Now that you're convinced that a natively-parallel language is essential, the first part of my problem. There are two basic varieties of data in the universe: scalar data, and aggregate data; though the lines between them may not always be clear (cf. records or objects). We can clear that line up a bit if we discount records, or call them scalars, and only consider serialized aggregate data (e.g. arrays, matricies, etc). For this discussion we'll ignore the differences between different kinds of scalars, and just consider them unary widgets which can be put into serialized aggregate forms.

For reasons immediately apparent to any who've worked on SIMD systems, and perhaps even to those who've worked sufficiently on highly data-parallel programs on conventional SISD (aka non-parallel) systems, the normal presentation of arrays and other serialized aggregations is woefully simplistic and insufficient for dealing with massively data-parallel programs, and even for many other programs. Furthermore, that some languages have separate datatypes/syntaxes for first-order aggregations (arrays, vectors, etc) and second-order ones (matricies, 2D arrays, etc) is a kludge at best.

Luckily, there's a readily conceivable solution, though I don't know that anyone else has come up with it.
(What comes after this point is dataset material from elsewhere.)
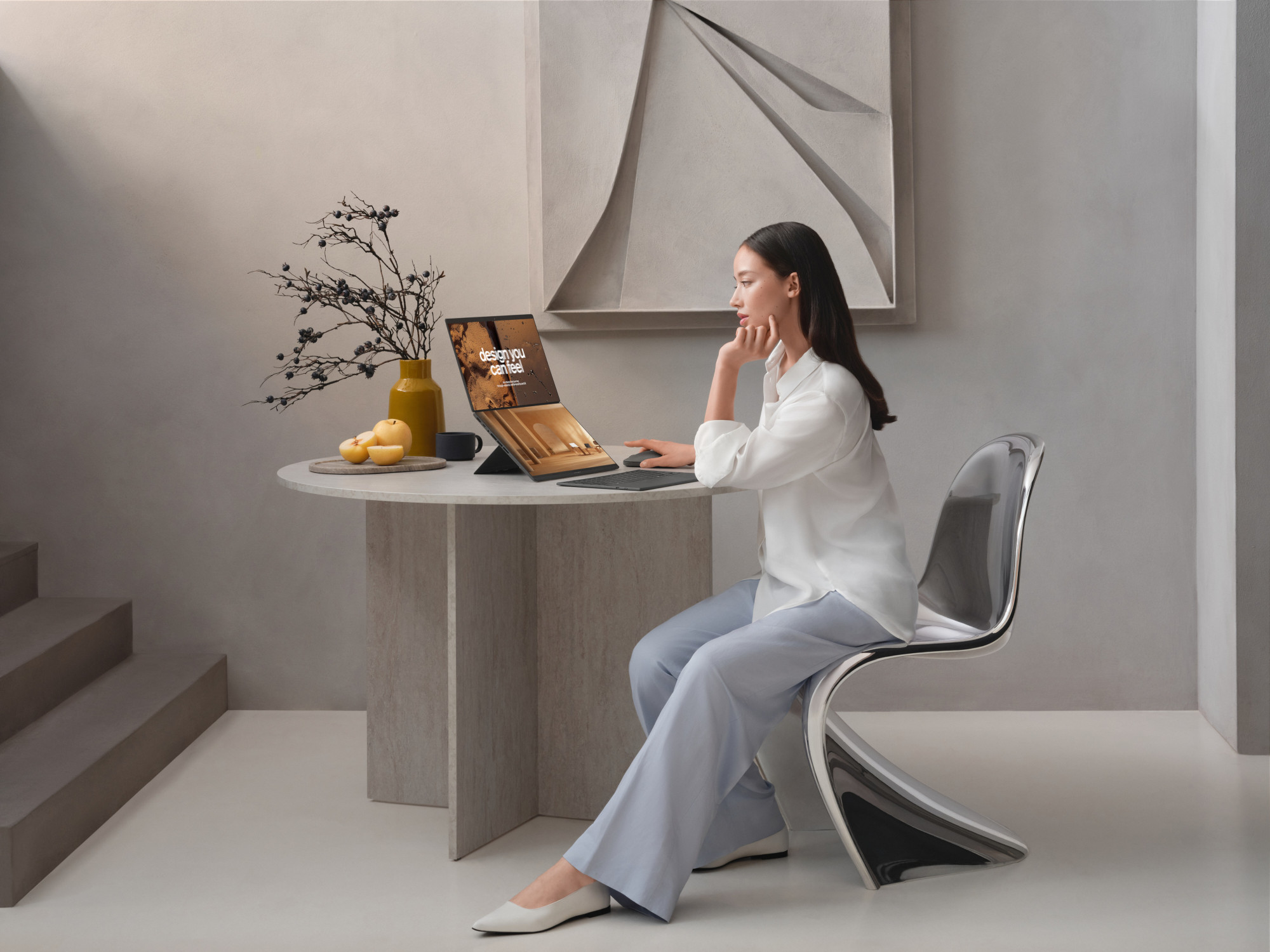 Największe wrażenie spośród zaprezentowanych laptopów robi nowy Asus Zenbook Duo (UX8407AA), którego konstrukcja została w całości wykonana z Ceraluminum, czyli materiału łączącego w sobie cechy ceramiki i aluminium. To solidny, a przy tym mobilny sprzęt, którego charakterystyka zdecydowanie sprzyja produktywności.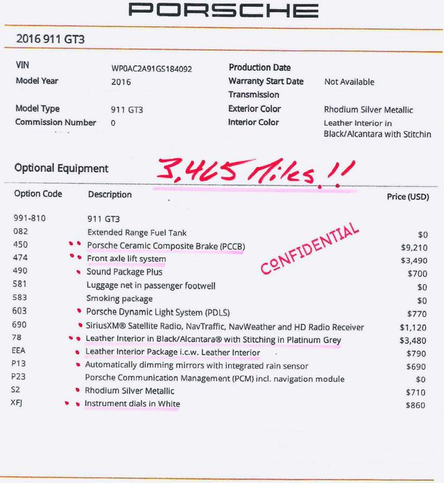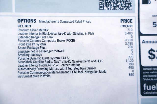 PORSCHE 911 GT3 RHODIUM SILVER on BLACK FULL LEATHER ONLY 3,465 MILES… ** FULL FRONT XPEL PPF PAINT PROTECTION ** PCCB: Porsche Carbon Ceramic Brakes,Yellow Calipers ** FRONT AXLE LIFT ** SPORT EXHAUST OPTION ** GT3 WHEELS FINISHED in PLATINUM ** FULL LEATHER/ALCANTARA PKG with LITE STITCHING ** HEADLINER FINISHED in ALCANTARA ** INTERIOR TRIM in BLACK LEATHER ** INSTRUMENT DIALS in WHITE ** EXTENDED RANGE FUEL TANK ** PDLS: Porsche Dynamic Light System ** BOSE SOUND PKG PLUS OPTION with SIRIUS-XM SAT. ** PCM: NAVIAGTION MANAGEMENT ** ALL KEYS, BOOKS,ORIGINAL WINDOW STICKER and DOCUMENTED SERVICE HISTORY from NEW CAR DELIVERY . ** PRIDE of OWNERSHIP FLAWLESS LOW 3,465mi EXAMPLE GT3 with ALL SUPPORTING DOCUMENTATION at DELIVERY… ** CLEAN CARFAX UPON YOUR REQUEST… ** We take GREAT PRIDE in our KNOWLEDGE of the MARKET. ** Our LOW MILE CARS are ALL HAND-PICKED for their QUALITY,EXCEPTIONAL CONDITION and ATTENTION to DETAIL. ** EXCEEDING the EXPECTATIONS or OUR CLIENTS est.1999 – Contact Internet Sales at 480-596-1611 or sales@scottsdalesport.com for more information. –

The reasons built-in matrices, or the equally infamous arrays-of-arrays, and their ilk seem so kludgey is because as we look at them we can see that they're just an extended case of our basic dependable array. So we ask ourselves, why then do we treat them so differently? The ready solution is: we don't.

I've already started using some terminology which does this. In mathematics there's a concept called a tensor which is a generalization and abstraction of matrices and the like. A tensor is a multi-dimensional "thing" where the minimum number of dimensions needed to describe it is it's order (or rank). So when we're talking about arrays or vectors, we can also describe them as first-order tensors. And matrices are just second-order tensors. We can of course extend this upwards for 3rd-order tensors (cubes), 4th-order tensors (hypercubes), all the way up to infinity — though it becomes hard to visualize after four orders or so. We can also extend this downwards: a scalar, is simply a zeroth-order tensor.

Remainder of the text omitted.